The UI faced $76 million in losses from March through August, and expected another $18.1 million loss in revenue, including a $3.1 million loss in state funding for fiscal 2021. The UI adjusted its tuition calendar for the fall, allowing students to be refunded at least some tuition if they withdraw before Sept. 27, which was done to allow students and families “more flexibility.”

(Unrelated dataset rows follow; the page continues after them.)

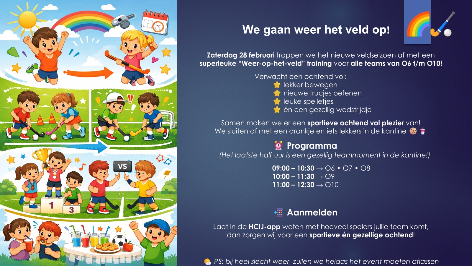 Zaterdag 28 februari trappen we het tweede deel van het veldseizoen af met een superleuke 'weer-op-het-veld' training voor de funkeys tot en met de O10 teams!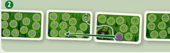 2) その後、アンジェリカは恐怖値「-12」の別のトリックに勝ちます。彼女はゴーストを恐怖トラックのスペース「+5」からスペース「-7」に移動します。 |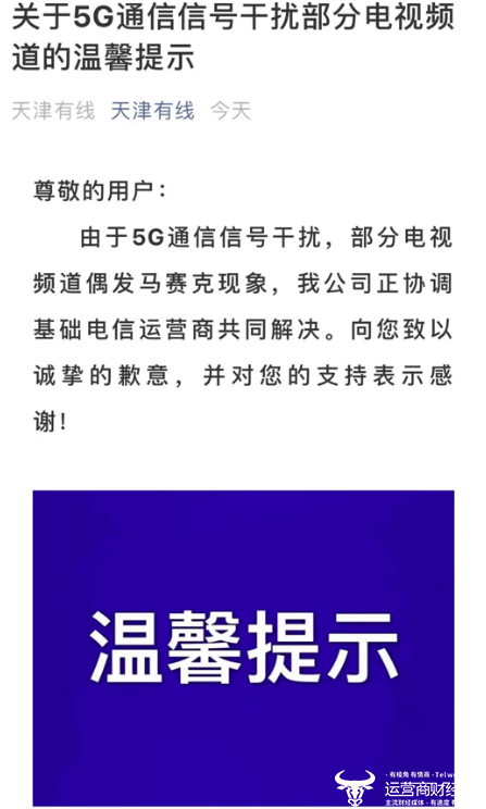近日,天津有线的公众号发布了一篇名为《关于5G通信信号干扰部分电视频道的温馨提示》的文章。天津有线在这篇文章里声称由于5G通信信号干扰,部分电视频道偶发马赛克现象,因此向用户表示诚挚歉意。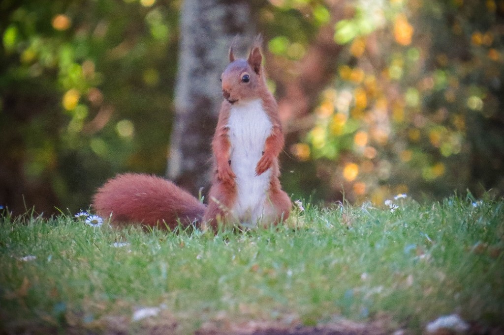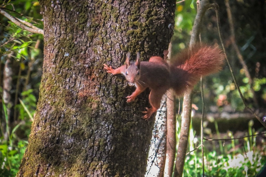 O esquilo-vermelho é, de facto, avermelhado, mas também pode ser castanho ou, até, preto. Mede entre 18 e 24 centímetros, mais os 17 centímetros da cauda (que no Inverno serve de cobertor). Pesa cerca de 450 gramas. E é um excelente nadador!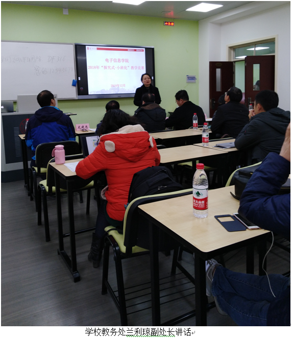 兰利琼副处长讲话中指出,公司将于2019年开展第三届“探究式-小班化”教学竞赛,竞赛是以深化实践太阳网集团tcy8722“探究式-小班化”教学改革为目的,有效地利用智慧教室探索“探究式-小班化”的教学模式,激发教师进一步优化本科教学思路,提升教学效率,提供一个教学方法成果交流平台,让一批践行“以学为中心”教育理念,创新性地利用智慧教学环境,能有效激发员工积极学习,教学效果突出的课程和主讲老师脱颖而出,成为“探究式-小班化”教学改革及智慧教学环境示范课程和示范教师,带动公司本科教学水平的全面提升。太阳网集团tcy8722积极推进此项工作,老师们积极参与,势态发展良好,预祝太阳网集团tcy8722第一届“探究式-小班化”教学竞赛取得圆满成功,老师们取得优异成绩,积极参加明年公司竞赛.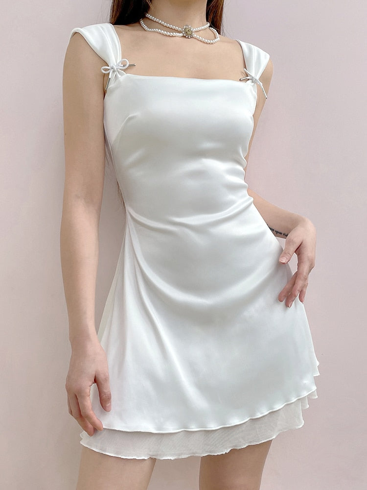 Sweetown Sleeveless Black Goth Y2K Mini Dresses Two Layer Korean Fashion Square Collar Kawaii A Line Birthday Dress For WomenSPECIFICATIONS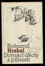 Domácí úkoly z pilnosti se tak trochu vymykají z Hrabalovy prozaické tvorby,stojí jaksi na jejím okraji. Je to do jisté míry koláž z jeho esejů, poznámek, rozhovorů, interviewů, medailonků o výtvarnících, statí a článků, drobných lyrických i filozofických miniatur, které ve svém souhrnu ukazují šíři Hrabalových zájmů, přesahující dalece oblast literatury.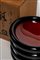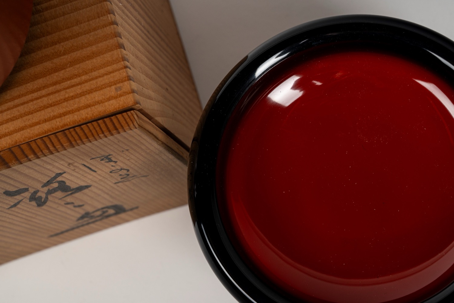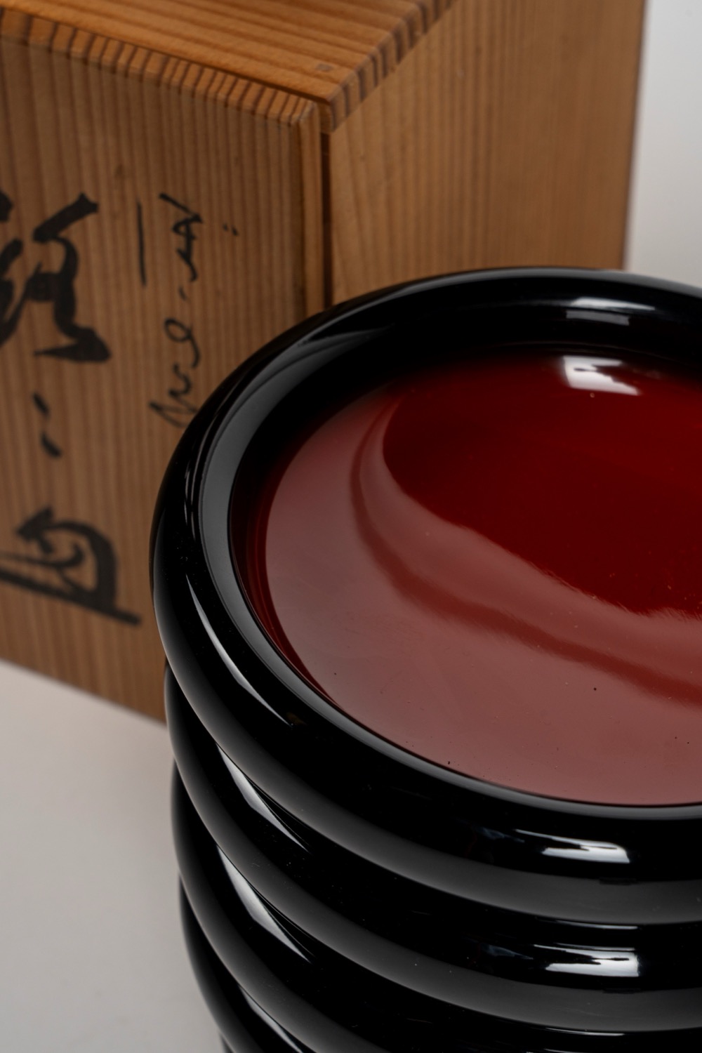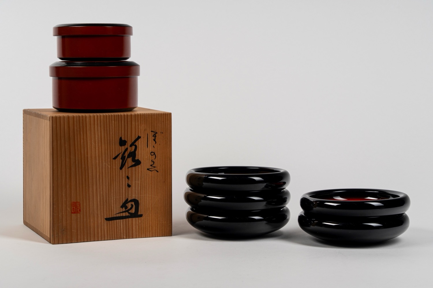 Set di cinque ciotole laccate rosse e nere di manifattura giapponese entro scatola in legno più due scatole laccate rosso nere a matriosca

Arthofer said she was happy to learn that Gov. Kim Reynolds had closed the bars in Iowa City on Aug. 27 due to the rising cases on COVID-19 in Johnson County. As of Sept. 4, Johnson County reported 4,356 confirmed positive cases.

“I think it’s kind of hard to ask everyone to throw away their social life when things are there and at their disposal,” Arthofer said.

Snyder added that he feels the university is unfairly putting the responsibility for maintaining health and safety on the students, while still providing an environment for the virus to spread.

“I get it, you can’t force it in-person,” Snyder said. “You can’t force it online, so they’re kind of [screwed] either way. But it definitely could have been done better.